## Provided material
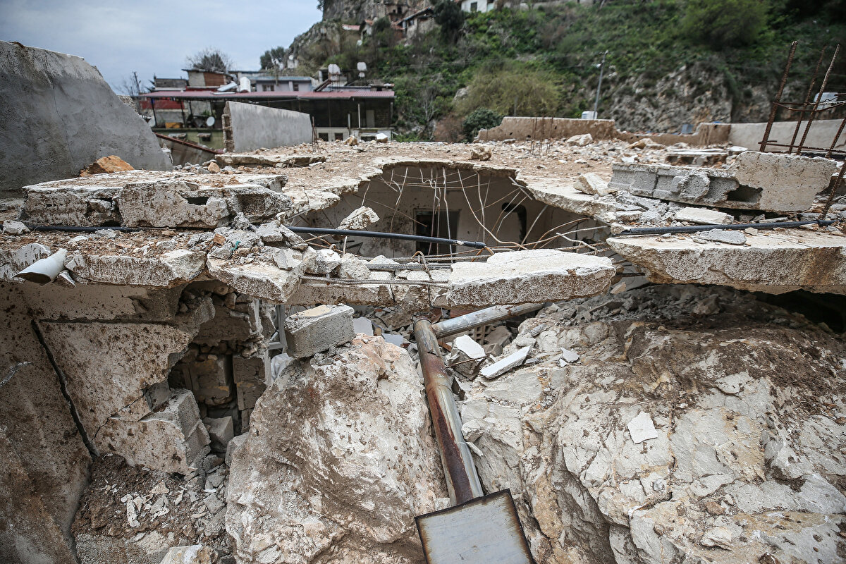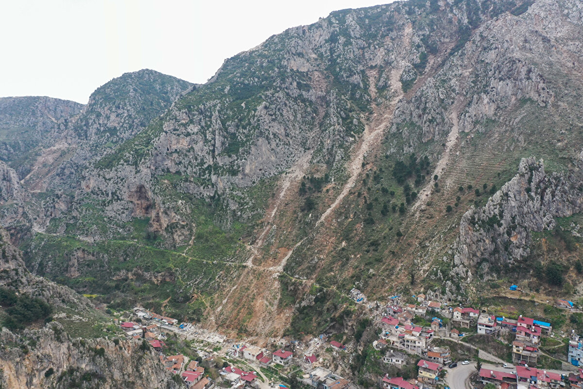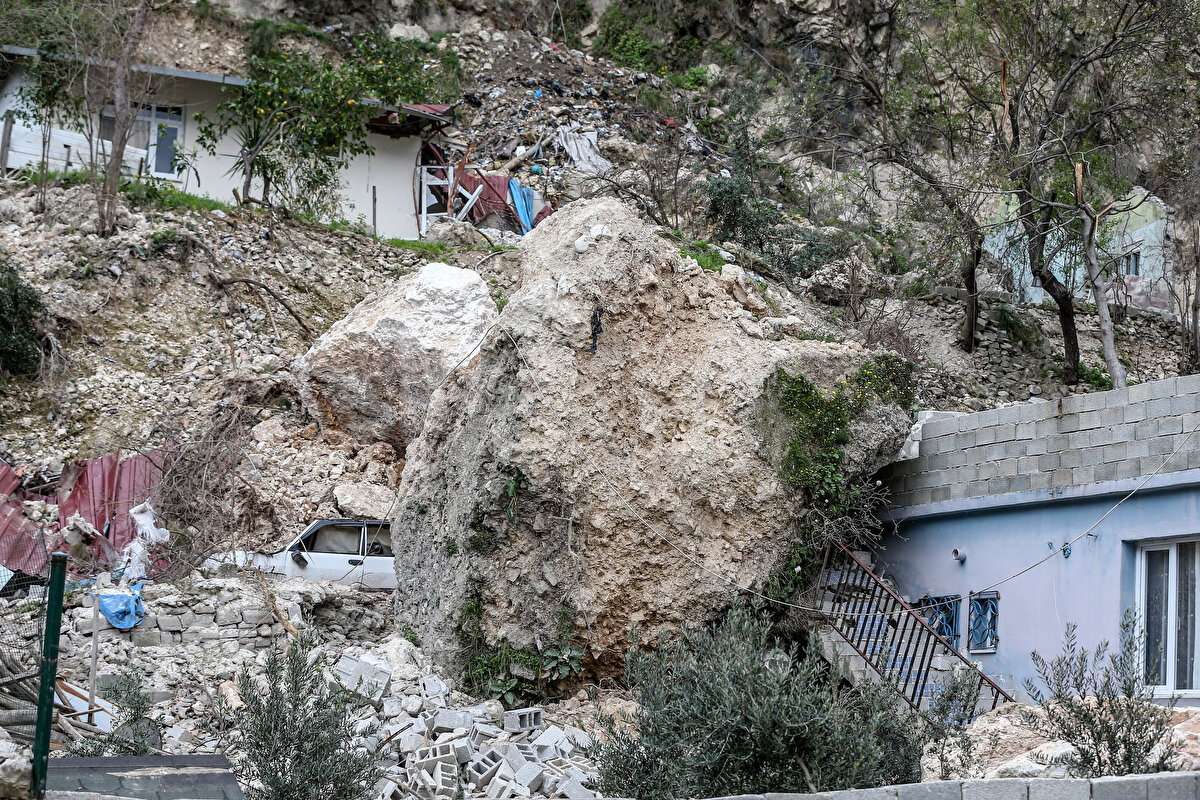 Hatay'ın Antakya ilçesinde depremin etkisiyle Habib-i Neccar Dağı'ndan kopan kayalar, dağın eteklerinde kurulu Hacı Ömer Alpagot Mahallesi'ndeki bazı evlerin yıkılmasına neden oldu.
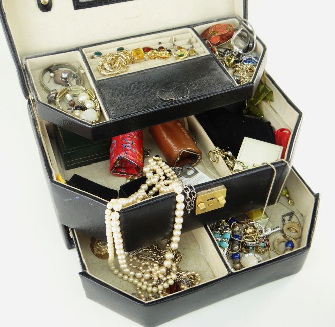 MIXED QUANTITY OF COSTUME JEWELLERY including 9ct gold mounted dress ring, possibly topaz, in stacking leatherette jewellery case
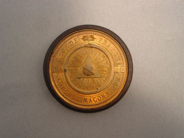 28 x 34 cm. Joint une médaille commémorative en bronze doré du GRAND ORIENT DE FRANCE célébrant le centenaire de la Révolution française. Datée 1889. Diam. 5 cm. Dans une boîte (couvercle accidenté).
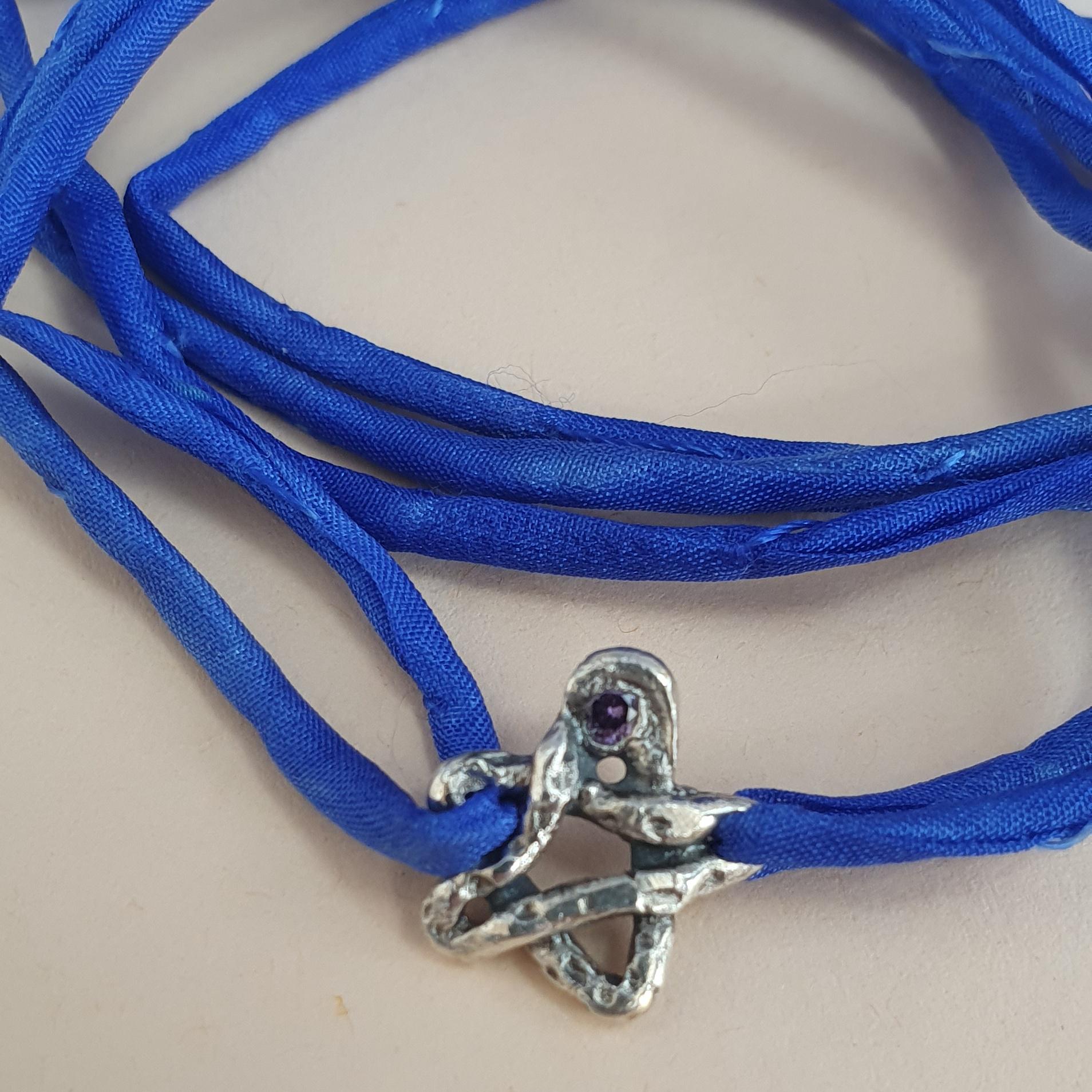 This celestial bracelet features solid silver star charm with a beautiful cubic Zirconia stone and a natural silk ribbon.

## Required work
Copy out exactly the lines that run from the line containing "28 x 34 cm." through the last line of the material, and nothing more; omit the pictures.

## Final answer
 28 x 34 cm. Joint une médaille commémorative en bronze doré du GRAND ORIENT DE FRANCE célébrant le centenaire de la Révolution française. Datée 1889. Diam. 5 cm. Dans une boîte (couvercle accidenté).
 This celestial bracelet features solid silver star charm with a beautiful cubic Zirconia stone and a natural silk ribbon.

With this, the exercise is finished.